|Li, X -|
|Galliher-Beckley, A -|
|Nietfeld, J -|
|Shi, J -|
Submitted to: World Journal of Vaccines
Publication Type: Peer Reviewed Journal
Publication Acceptance Date: December 28, 2012
Publication Date: February 1, 2013
Repository URL: http://handle.nal.usda.gov/10113/57060
Citation: Li, X., Galliher-Beckley, A., Nietfeld, J.C., Faaberg, K.S., Shi, J. 2013. MontanideTM Gel01 ST adjuvant enhances PRRS modified live vaccine efficacy by regulating porcine humoral and cellular immune responses. World Journal of Vaccines. 3(1):1-9. Interpretive Summary: Porcine reproductive and respiratory syndrome (PRRS) is the number one disease problem in pigs that is faced by U.S. pork producers, resulting in significant economic losses. Modified live vaccines against viruses are widely used to control many infectious diseases in a wide variety of hosts. Currently, commercially available modified live PRRS virus (PRRSV) vaccines afford the greatest degree of cross protection (compared with inactivated vaccines) against divergent strains of the PRRS virus. In this study an additive (known as an adjuvant) that is used to enhance the immune response to killed vaccines was tested in a modified live PRRSV vaccine. Addition of the adjuvant was found to enhance protection against the same virus strain in the vaccine but failed to enhance cross protection against a divergent strain of PRRSV. This information is of value to vaccine manufacturers attempting to improve cross-protective immunity afforded by vaccines against this evolving virus.

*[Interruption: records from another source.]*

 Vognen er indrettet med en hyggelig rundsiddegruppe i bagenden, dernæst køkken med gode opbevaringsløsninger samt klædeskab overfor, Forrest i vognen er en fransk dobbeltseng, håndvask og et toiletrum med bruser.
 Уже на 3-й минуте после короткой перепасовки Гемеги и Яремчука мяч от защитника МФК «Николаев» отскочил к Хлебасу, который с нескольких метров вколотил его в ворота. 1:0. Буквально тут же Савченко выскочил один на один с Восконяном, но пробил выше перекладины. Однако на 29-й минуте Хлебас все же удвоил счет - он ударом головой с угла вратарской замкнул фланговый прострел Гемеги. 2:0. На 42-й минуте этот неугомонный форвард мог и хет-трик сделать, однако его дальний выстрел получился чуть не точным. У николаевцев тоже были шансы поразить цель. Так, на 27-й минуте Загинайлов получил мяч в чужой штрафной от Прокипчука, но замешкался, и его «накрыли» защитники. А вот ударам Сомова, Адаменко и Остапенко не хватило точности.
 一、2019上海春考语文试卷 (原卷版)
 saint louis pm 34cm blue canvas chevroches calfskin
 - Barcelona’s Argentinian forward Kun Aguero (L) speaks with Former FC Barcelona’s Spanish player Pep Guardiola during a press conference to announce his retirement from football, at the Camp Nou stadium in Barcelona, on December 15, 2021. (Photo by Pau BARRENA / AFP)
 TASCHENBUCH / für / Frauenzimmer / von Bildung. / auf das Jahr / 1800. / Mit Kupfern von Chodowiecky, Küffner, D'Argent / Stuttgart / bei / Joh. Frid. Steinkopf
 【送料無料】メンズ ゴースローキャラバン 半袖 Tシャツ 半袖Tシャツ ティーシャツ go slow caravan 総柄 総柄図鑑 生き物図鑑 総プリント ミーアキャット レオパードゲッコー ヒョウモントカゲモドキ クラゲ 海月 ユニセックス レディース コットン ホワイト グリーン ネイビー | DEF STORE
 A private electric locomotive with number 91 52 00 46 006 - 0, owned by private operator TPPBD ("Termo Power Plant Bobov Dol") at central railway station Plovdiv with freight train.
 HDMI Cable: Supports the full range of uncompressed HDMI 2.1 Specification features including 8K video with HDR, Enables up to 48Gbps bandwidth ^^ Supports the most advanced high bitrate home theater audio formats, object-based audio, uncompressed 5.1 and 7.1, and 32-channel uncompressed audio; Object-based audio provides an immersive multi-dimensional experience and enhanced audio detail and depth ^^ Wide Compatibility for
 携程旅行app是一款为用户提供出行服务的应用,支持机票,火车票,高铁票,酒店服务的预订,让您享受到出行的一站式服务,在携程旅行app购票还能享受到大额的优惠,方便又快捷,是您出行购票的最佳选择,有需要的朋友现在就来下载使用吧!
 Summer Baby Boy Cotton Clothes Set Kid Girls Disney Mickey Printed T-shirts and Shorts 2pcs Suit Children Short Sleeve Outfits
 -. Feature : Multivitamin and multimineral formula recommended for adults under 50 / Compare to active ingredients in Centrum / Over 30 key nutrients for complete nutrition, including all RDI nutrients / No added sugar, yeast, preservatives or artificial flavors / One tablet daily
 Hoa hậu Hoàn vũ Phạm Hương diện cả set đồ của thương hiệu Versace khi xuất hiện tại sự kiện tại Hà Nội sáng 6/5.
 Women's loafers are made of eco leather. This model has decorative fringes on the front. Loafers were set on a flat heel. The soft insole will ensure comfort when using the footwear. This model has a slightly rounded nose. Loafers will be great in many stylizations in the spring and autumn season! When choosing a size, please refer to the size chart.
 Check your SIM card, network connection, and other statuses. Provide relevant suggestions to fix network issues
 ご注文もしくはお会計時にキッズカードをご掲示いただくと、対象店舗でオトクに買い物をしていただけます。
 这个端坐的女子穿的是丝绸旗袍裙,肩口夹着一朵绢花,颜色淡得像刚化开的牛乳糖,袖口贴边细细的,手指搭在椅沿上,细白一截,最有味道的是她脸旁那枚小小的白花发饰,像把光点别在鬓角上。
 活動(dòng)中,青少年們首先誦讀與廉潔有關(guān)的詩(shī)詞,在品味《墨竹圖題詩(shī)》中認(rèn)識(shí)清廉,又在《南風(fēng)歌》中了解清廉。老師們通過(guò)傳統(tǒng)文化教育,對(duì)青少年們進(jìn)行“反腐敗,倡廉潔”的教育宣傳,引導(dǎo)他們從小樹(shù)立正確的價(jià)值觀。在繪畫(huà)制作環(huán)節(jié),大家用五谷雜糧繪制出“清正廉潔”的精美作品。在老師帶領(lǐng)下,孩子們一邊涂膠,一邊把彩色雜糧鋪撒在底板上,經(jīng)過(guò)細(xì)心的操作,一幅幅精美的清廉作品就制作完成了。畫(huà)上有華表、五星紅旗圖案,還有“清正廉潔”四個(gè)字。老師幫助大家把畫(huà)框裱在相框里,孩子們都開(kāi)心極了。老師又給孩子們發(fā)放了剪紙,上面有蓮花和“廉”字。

Technical Abstract: Porcine reproductive and respiratory syndrome (PRRS) is a devastating disease caused by the PRRS virus. The MontanideTM class of flexible polymeric adjuvants has recently been shown to enhance protective immunity against PRRSV infection in piglets when used in combination with PRRS modified live vaccines (MLV). In this study, we explored the efficacy and immunological mechanisms of protection of MontanideTM Gel 01 ST (Gel01) adjuvanted modified live PRRS vaccine in pigs challenged with two genetically distinct strains of PRRSV. Gel01-MLV reduced lymph node pathology scores in pigs challenged with VR2332 (parental strain of MLV vaccine) but not that in pigs challenged with MN184A (heterologous strain), when compared to that in pigs vaccinated with un-adjuvanted MLV. Pigs vaccinated with Gel01-MLV had higher levels of PRRS-specific antibodies, as measured by IDEXX ELISA and virus neutralizing antibodies, after vaccination and VR2332 challenge. In addition, pigs vaccinated with Gel01-MLV had decreased levels of IFN-gamma, IL-10, and T-regulatory lymphocytes in the blood as compared to that in pigs vaccinated with MLV alone. Interestingly, we found that addition of Gel01 did not change the profile of other T lymphocyte populations after PRRSV challenge. These results demonstrate that the MLV adjuvanted with Gel01 provides enhanced protection against homologous PRRSV infection, possibly by regulating the production of PRRSV-specific antibodies and cytokines involved in the development of T-regulatory cells. Thus, Gel 01 ST is a promising adjuvant that can be formulated with PRRSV MLV vaccines to reduce disease severity and tissue damage caused by PRRSV infection in pigs.